Inline documentation is a sore subject for a lot of developers. Many see it as wasteful; it easily becomes stale, it’s yet-another-thing to maintain, and if you can already read your language of choice, it doesn’t provide any real value.

Documentation is not for you; it’s for everyone else. (Well, it’s for you too, but the future you.)

Avoiding comments because your code is “readable and understandable” makes several assumptions about your audience, such as them having any working knowledge of the language you’re programming in.

Our jobs (specifically as leaders in open-source communities) are to grow the platforms we’re responsible for. By catering to only developers, we end up ruling out contributions from everyone that isn’t currently a developer at our levels. That’s sad for everyone.
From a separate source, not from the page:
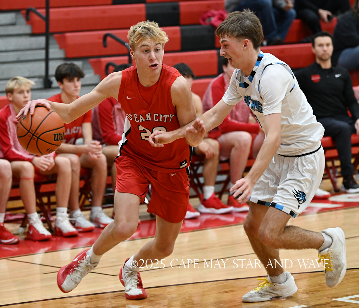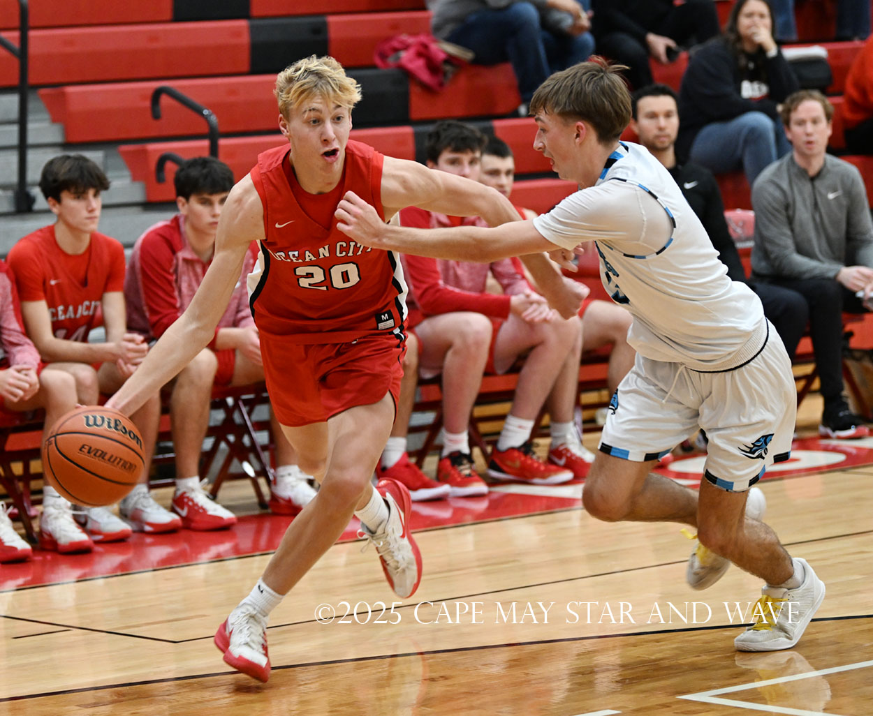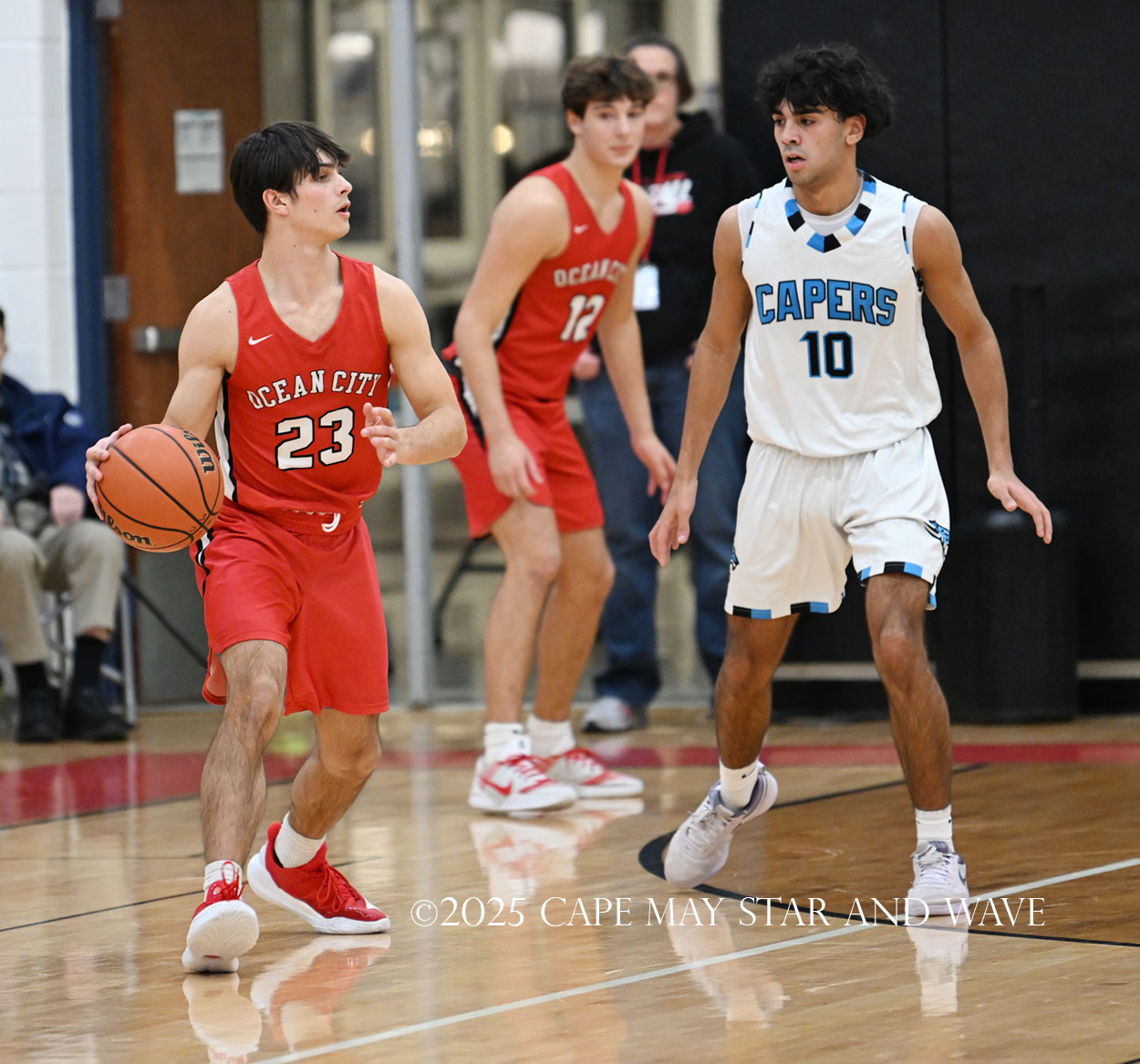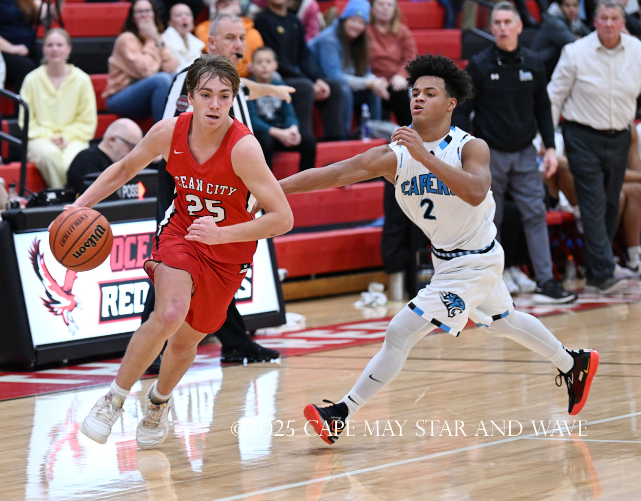 Cole Sederland and Gavin Ridgway both hit three big three-pointers to keep the pressure on Ocean City as the team’s primary long-range threats.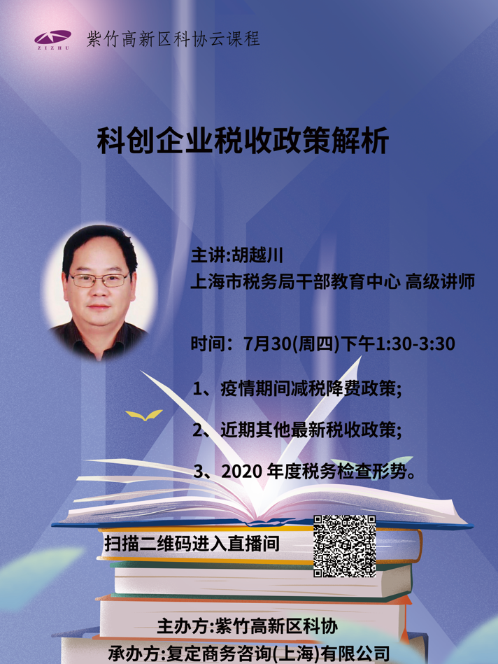 2020年7月30日下午1:30-3:30紫竹高新區(qū)科協(xié)將舉辦云課程《科創(chuàng)企業(yè)稅收政策解析》,特邀上海市稅務局干部教育中心高級講師胡越川作為主講人,講授疫情期間減稅降費政策,近期其他最新稅收政策,2020年度稅務檢查形勢等相關內容,歡迎屆時掃碼參加。

The natural response is: if you need to add a comment to your code, you’re being too clever. This, again, makes assumptions about your contributing audience. Thing is, it’s not about adding comments to difficult-to-understand or poorly-written code, it’s about translating gibberish into plain English so a bigger audience can contribute.

Inline documentation is the nonce-check of the open-source universe; it promises what’s actually happening in gibberish-land matches the intention of that section of code. There are a million excuses not to document your code, but it all boils down to either:

  1. Being selfish.
  2. Being lazy.
  3. Being in a hurry.
  4. Not knowing any better.
  5. Being so insanely good at reading everyone else’s code that documentation has never in any way helped you.

Rarely is #5 the case; that only leaves ignorance and carelessness, which are unacceptable if you respect and admire your colleagues, users, and the efforts of your communities and teams of developers.

So, please… document what the heck you’re trying to do.